## Entries supplied

# # # # # # #

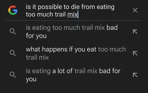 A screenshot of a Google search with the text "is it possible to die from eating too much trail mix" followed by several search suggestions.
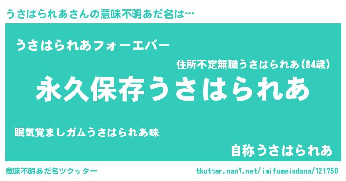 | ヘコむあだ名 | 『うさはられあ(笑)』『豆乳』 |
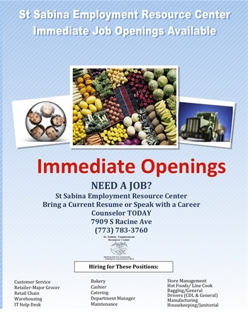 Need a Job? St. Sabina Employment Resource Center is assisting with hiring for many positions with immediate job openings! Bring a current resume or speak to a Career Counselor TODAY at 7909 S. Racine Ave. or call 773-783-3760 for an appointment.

# # # # # # #

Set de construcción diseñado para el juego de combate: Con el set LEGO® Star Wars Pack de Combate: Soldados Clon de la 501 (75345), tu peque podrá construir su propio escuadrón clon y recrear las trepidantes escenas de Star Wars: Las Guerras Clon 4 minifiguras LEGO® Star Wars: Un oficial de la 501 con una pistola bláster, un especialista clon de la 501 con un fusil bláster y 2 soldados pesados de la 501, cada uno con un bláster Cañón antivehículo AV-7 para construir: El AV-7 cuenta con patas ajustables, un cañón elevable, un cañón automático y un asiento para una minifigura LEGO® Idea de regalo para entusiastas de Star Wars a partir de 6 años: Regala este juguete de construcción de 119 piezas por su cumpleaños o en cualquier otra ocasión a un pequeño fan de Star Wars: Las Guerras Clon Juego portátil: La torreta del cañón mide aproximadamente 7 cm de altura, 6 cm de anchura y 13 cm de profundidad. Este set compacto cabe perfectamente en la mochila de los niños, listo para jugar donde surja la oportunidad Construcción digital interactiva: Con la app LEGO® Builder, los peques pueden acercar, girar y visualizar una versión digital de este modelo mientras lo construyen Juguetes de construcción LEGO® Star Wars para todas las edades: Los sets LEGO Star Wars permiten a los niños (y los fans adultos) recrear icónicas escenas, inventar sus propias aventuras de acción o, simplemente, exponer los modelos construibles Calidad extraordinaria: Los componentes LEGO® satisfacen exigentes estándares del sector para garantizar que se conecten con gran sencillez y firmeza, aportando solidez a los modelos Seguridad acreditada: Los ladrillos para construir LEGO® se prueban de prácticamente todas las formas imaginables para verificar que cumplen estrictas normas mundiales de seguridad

# # # # # # #

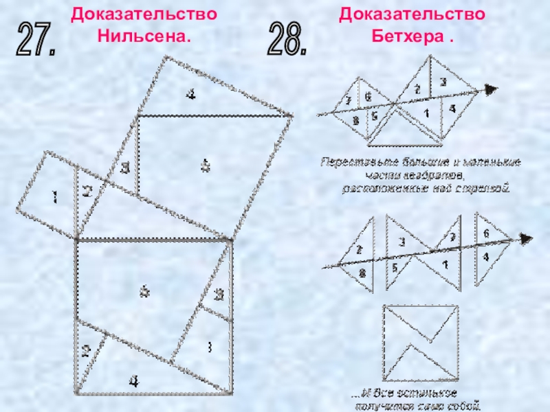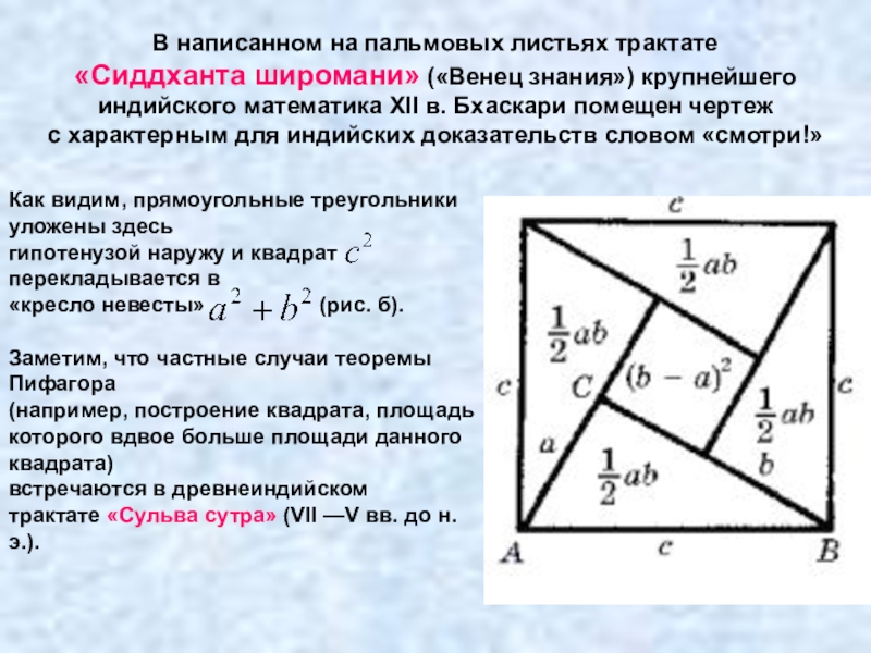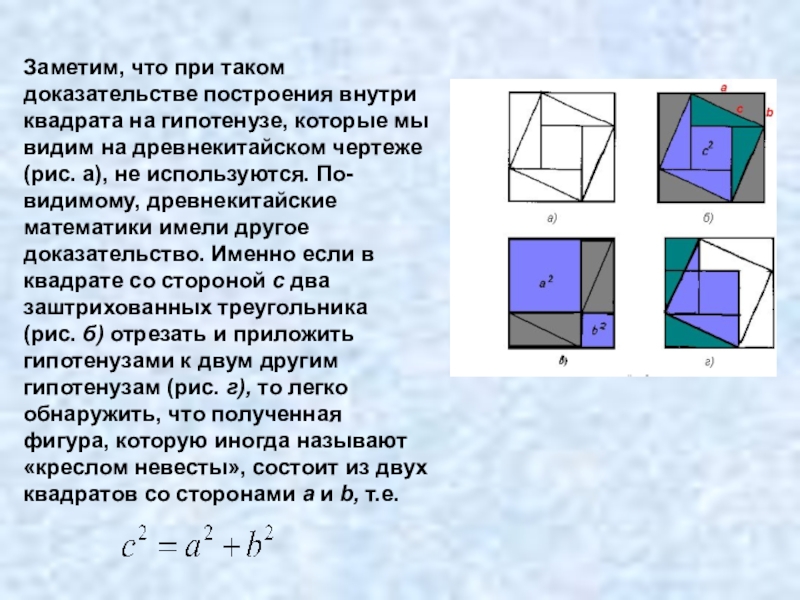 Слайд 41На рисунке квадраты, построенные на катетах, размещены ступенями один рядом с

# # # # # # #

## Try it
All pictures are to be skipped. Output, word for word, the lines in the data above starting at the line containing "A screenshot of" and ending at the line containing "Need a Job?".

## Solution to this task
 A screenshot of a Google search with the text "is it possible to die from eating too much trail mix" followed by several search suggestions.
 | ヘコむあだ名 | 『うさはられあ(笑)』『豆乳』 |
 Need a Job? St. Sabina Employment Resource Center is assisting with hiring for many positions with immediate job openings! Bring a current resume or speak to a Career Counselor TODAY at 7909 S. Racine Ave. or call 773-783-3760 for an appointment.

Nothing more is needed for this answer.